Oct. 9 (Bloomberg) -- Constellation Energy Group Inc. has told the U.S. Department of Energy it cannot proceed with the loan guarantee application for UniStar Nuclear Energy LLC’s Calvert Cliffs 3 nuclear energy facility project in Maryland.
The proposed terms and conditions of the guarantee are “unworkable” and the cost of the loan as calculated by the Office of Management and Budget is “unreasonably burdensome,” Constellation said in a statement today.
The Baltimore-based company, which was developing the Calvert Cliffs project with Electricite de France SA, said it has written to the Department of Energy about the matter.

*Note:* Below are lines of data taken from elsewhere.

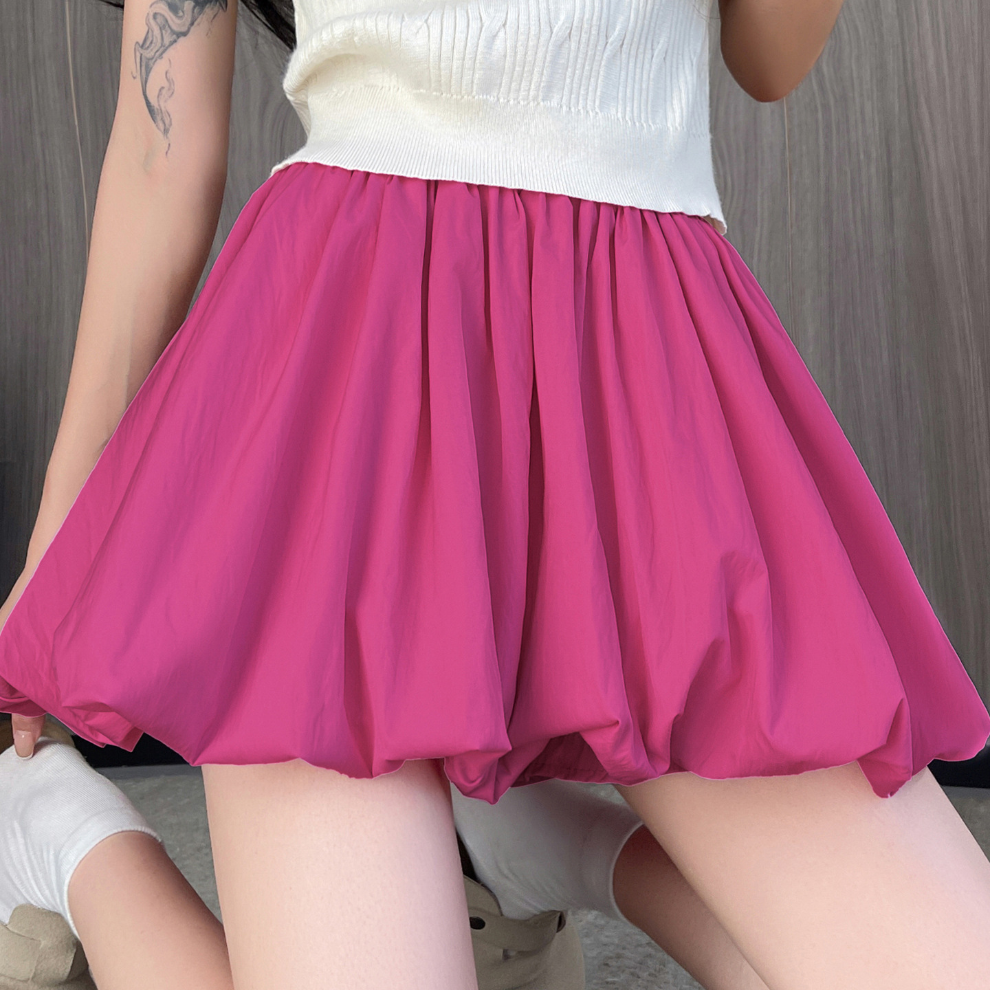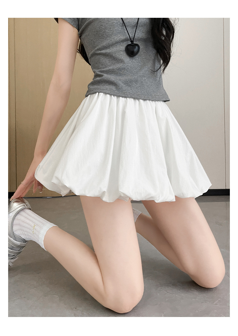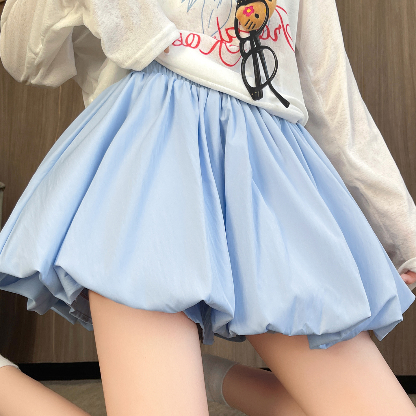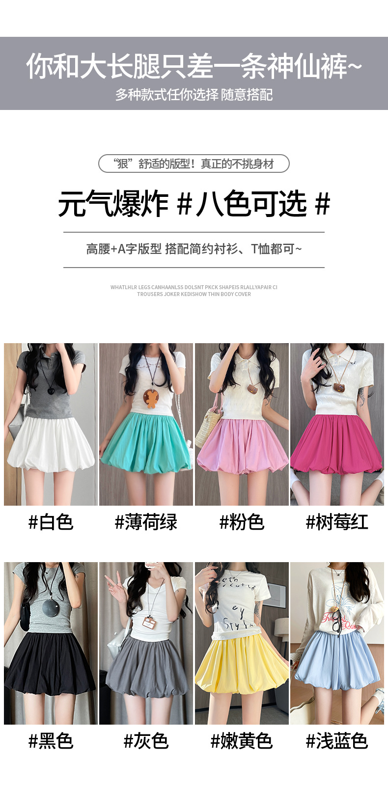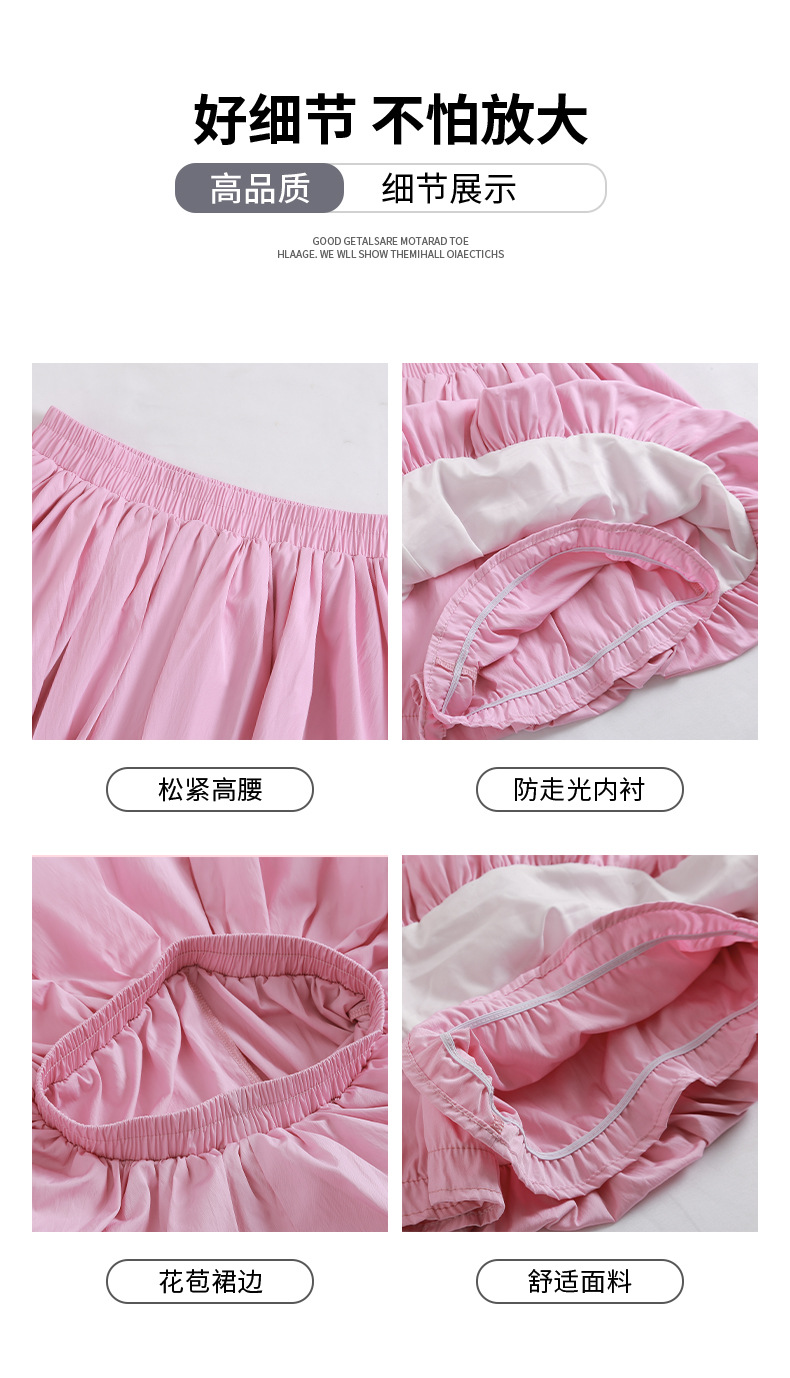 白色花苞短裙女夏季高腰a字显瘦防走光裙裤小个子蓬蓬百褶半身裙
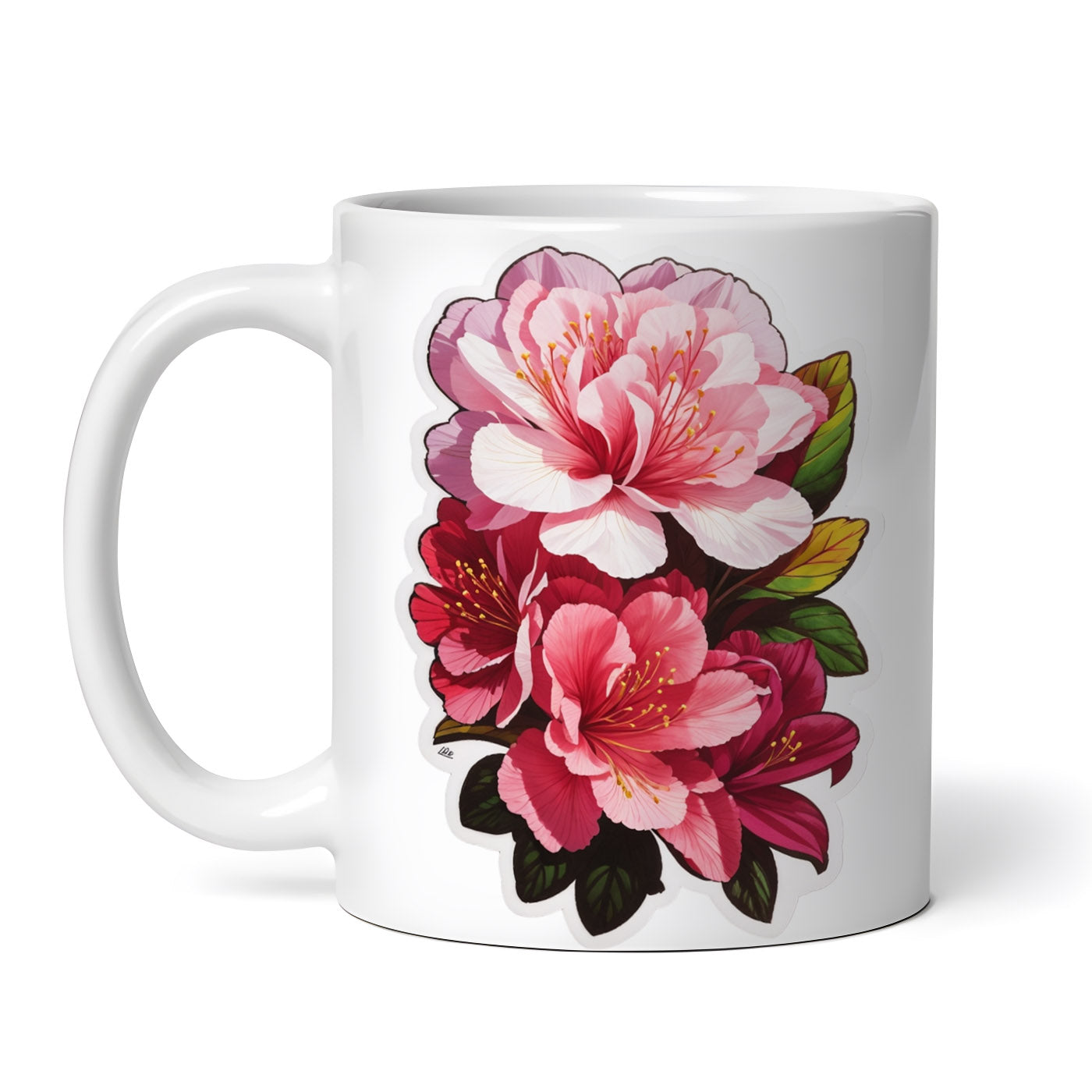 - Cana ceramica, Buchet de flori de azalea, NO7728, 330 ml, Multicolor
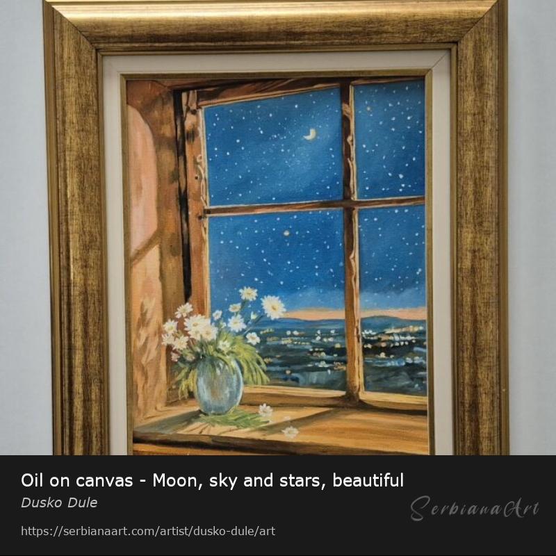 Oil on canvas - Moon, sky and stars, beautiful
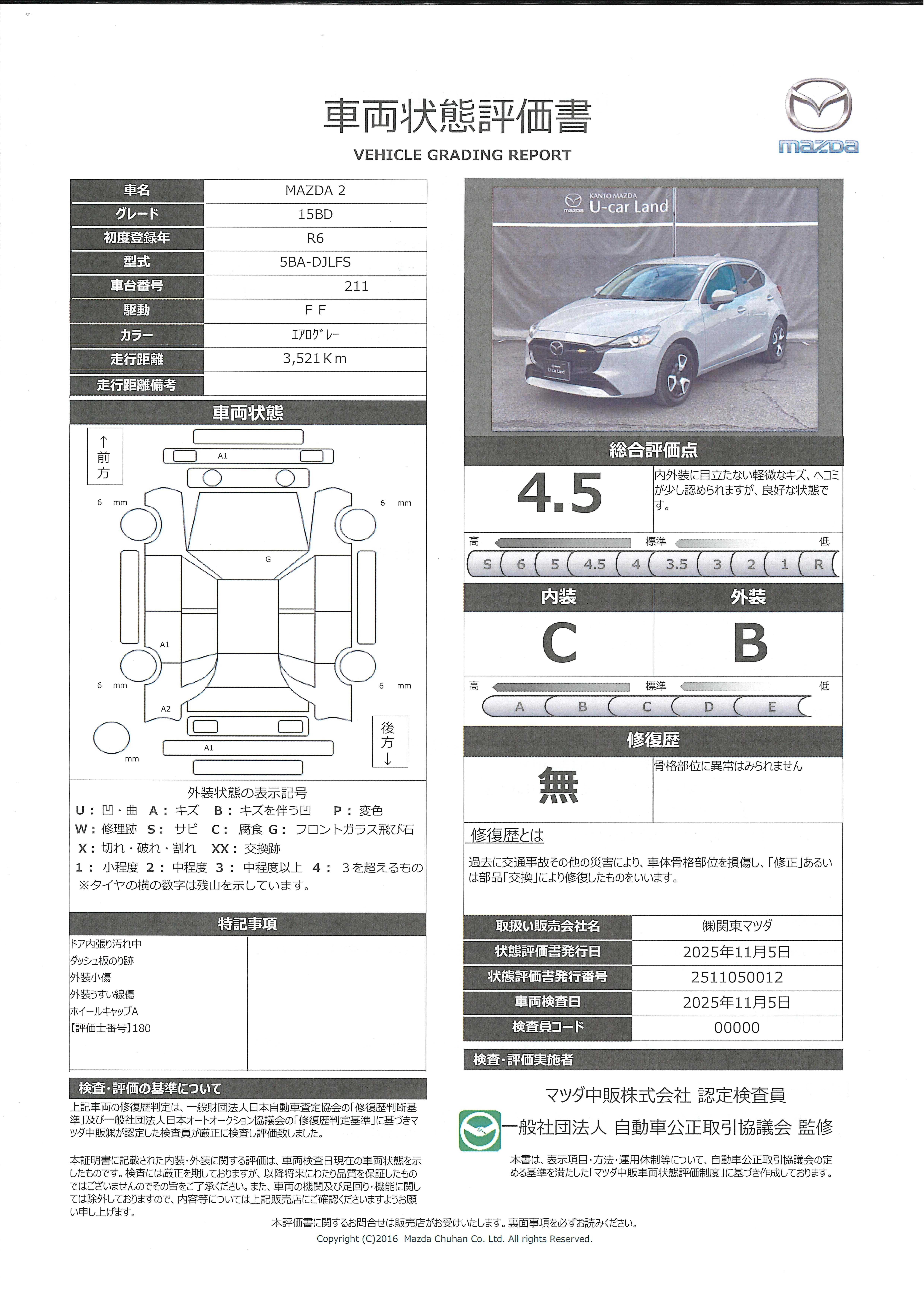 | 車両状態評価書 | ※クリックすると開きます![]() |

Constellation said “no decisions have been made regarding the future of Calvert Cliffs 3.”
EDF said it was “extremely disappointed and shocked” that Constellation had “unilaterally decided” to withdraw from the project.
“Constellation knows that we were at the finish line,” Paris-based EDF said in an e-mailed statement. It has withdrawn “in spite of our repeated efforts to substantially decrease their exposure and risk to the project.”
EDF bought half of Constellation’s nuclear business for $4.5 billion in 2009 when the French utility was headed by Pierre Gadonneix. The deal helped it keep a foothold in the U.S. and thwarted a takeover of Constellation by Warren Buffett’s MidAmerican Energy Holdings Co.
Constellation said there was “a significant problem” in the way the Office of Management and Budget calculates the credit cost.
“After repeated unsuccessful attempts to resolve this issue with DOE and OMB, we no longer see a timely path to reaching a workable set of terms and conditions,” the statement said.
Constellation spokesman Lawrence McDonnell declined to comment further on the company’s statement or on the response by EDF. He also declined to comment on whether Constellation has decided to exercise its option under the 2008 agreement, when EDF acquired its stake in its U.S. reactors, to sell up to $2 billion of non-nuclear power plants to EDF.